Metadata-Version: 2.4
Name: minifold-mlx
Version: 0.1.0
Summary: MLX MiniFold — Apple Silicon protein structure prediction
Requires-Python: >=3.10
Description-Content-Type: text/markdown
License-File: LICENSE
Requires-Dist: mlx>=0.16.0
Requires-Dist: numpy
Requires-Dist: tqdm
Requires-Dist: modelcif
Requires-Dist: dm-tree
Requires-Dist: huggingface_hub
Requires-Dist: biopython
Provides-Extra: dev
Requires-Dist: pytest; extra == "dev"
Requires-Dist: ruff; extra == "dev"
Dynamic: license-file

# MiniFold-MLX

An Apple Silicon port of [MiniFold](https://github.com/jwohlwend/minifold) using the [MLX](https://github.com/ml-explore/mlx) framework.
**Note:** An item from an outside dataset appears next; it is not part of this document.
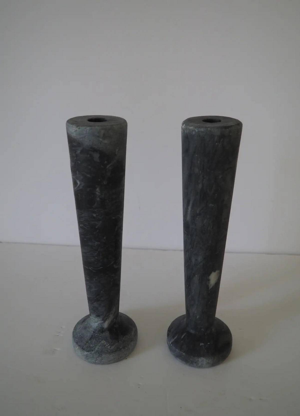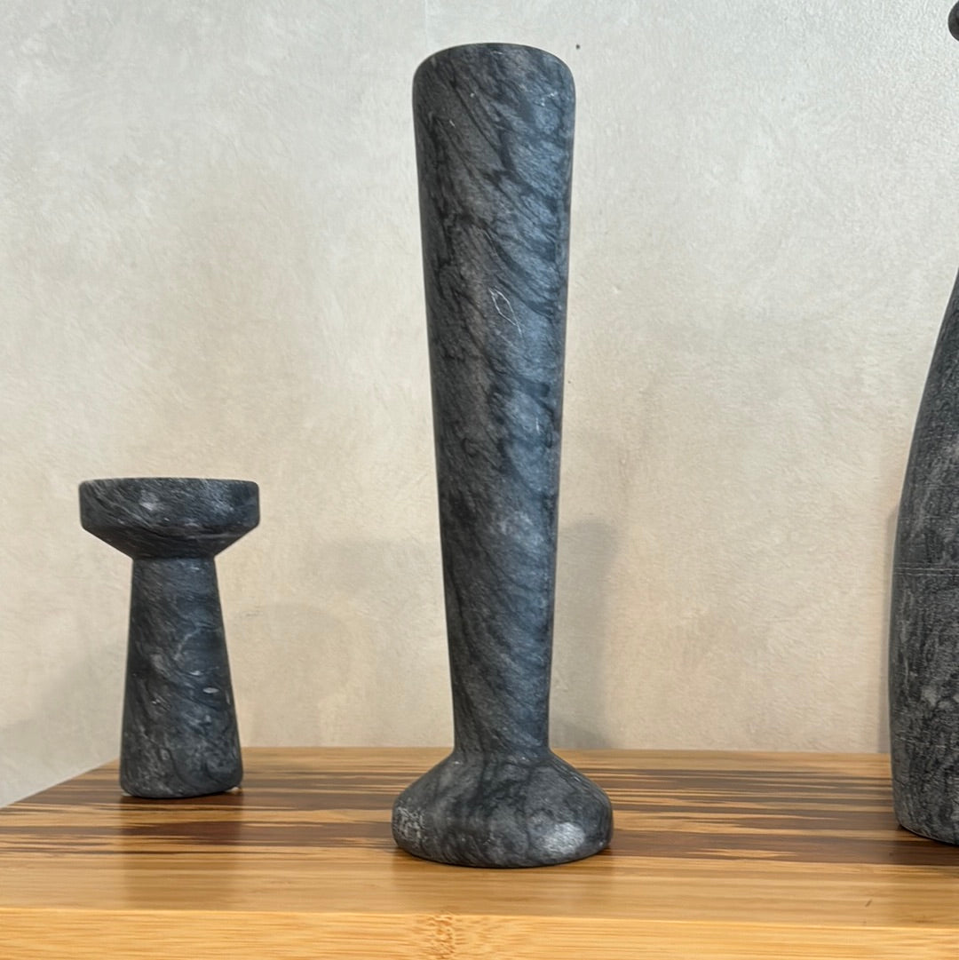 Large Nior candleholder is hand carved of solid marble in Grey. Waxed finish. Can be used for both taper and pillar candles.

Runs protein structure prediction entirely on Apple Silicon GPU/Neural Engine with no PyTorch dependency at inference time.

## Features

- Full ESM2 (3B) + MiniFold folding trunk in MLX
- int8 ESM2 quantization via `mlx.nn.quantize` (group_size=32)
- Custom Apple Metal SGMM gate kernel fusing LayerNorm + gating for TriangularUpdate blocks
- `mx.compile` support on MiniFormer for reduced Metal dispatch overhead
- 48-layer (full) and 12-layer (fast) MiniFold variants
- Simple three-function public API: `load_model`, `predict_sequence`, `predict_batch`
- Pre-converted weights hosted on HuggingFace for fast download-on-first-use

## Installation

```bash
pip install minifold-mlx
```

**Requires macOS with Apple Silicon (M1 or later).** For Linux/Windows, use the original [MiniFold](https://github.com/jwohlwend/minifold). MLX >= 0.16.0 is installed automatically as a dependency.

## Quick Start

```bash
minifold example.fasta --out_dir ./structures
```

OR

```bash
python fold.py example.fasta --out_dir ./structures
```

Weights (~3.8 GB) are downloaded automatically on first run. PDB files are saved to `./structures/`.

## Weights

Pre-converted MLX weights (finetuned ESM2 + MiniFold 48L/12L) are available on HuggingFace:

```
z-ardern/MiniFold_MLX_weights
├── ESM2_MiniFold_int8/  # finetuned MLX ESM2 3B, int8 quantized (~3.3 GB) ← downloaded by default
├── ESM2_MiniFold/       # finetuned MLX ESM2 3B, full precision (~11 GB)
├── minifold_48L/        # 48-layer MiniFold MLX weights (~285 MB)
└── minifold_12L/        # 12-layer MiniFold MLX weights (~259 MB)
```

`fold.py` downloads only `ESM2_MiniFold_int8` by default. Pass `--non-quantized-ESM2` to use the full-precision weights instead.

```python
from huggingface_hub import snapshot_download

weights = snapshot_download("z-ardern/MiniFold_MLX_weights")
esm_path      = f"{weights}/ESM2_MiniFold_int8"
minifold_path = f"{weights}/minifold_48L"
```

## Use in Python

```python
from minifold_mlx import load_model, predict_sequence, predict_batch

tokenizer, model = load_model(
    mlx_esm_path      = "path/to/esm2",
    mlx_minifold_path = "path/to/minifold_48L",
)

# Single sequence
pdb_str = predict_sequence("my_protein", "MKVLILSAVLFAASSA...", model, tokenizer)

# Batch
results = predict_batch(
    [("prot1", "MKVL..."), ("prot2", "MSYL...")],
    model, tokenizer,
)
# results = {"prot1": "<PDB string>", "prot2": "<PDB string>"}
```

## Acknowledgements

This package is a port of [MiniFold](https://github.com/jwohlwend/minifold) by Jeremy Wohlwend et al., adapted for Apple Silicon using MLX. The original MiniFold code and weights are the foundation of this work.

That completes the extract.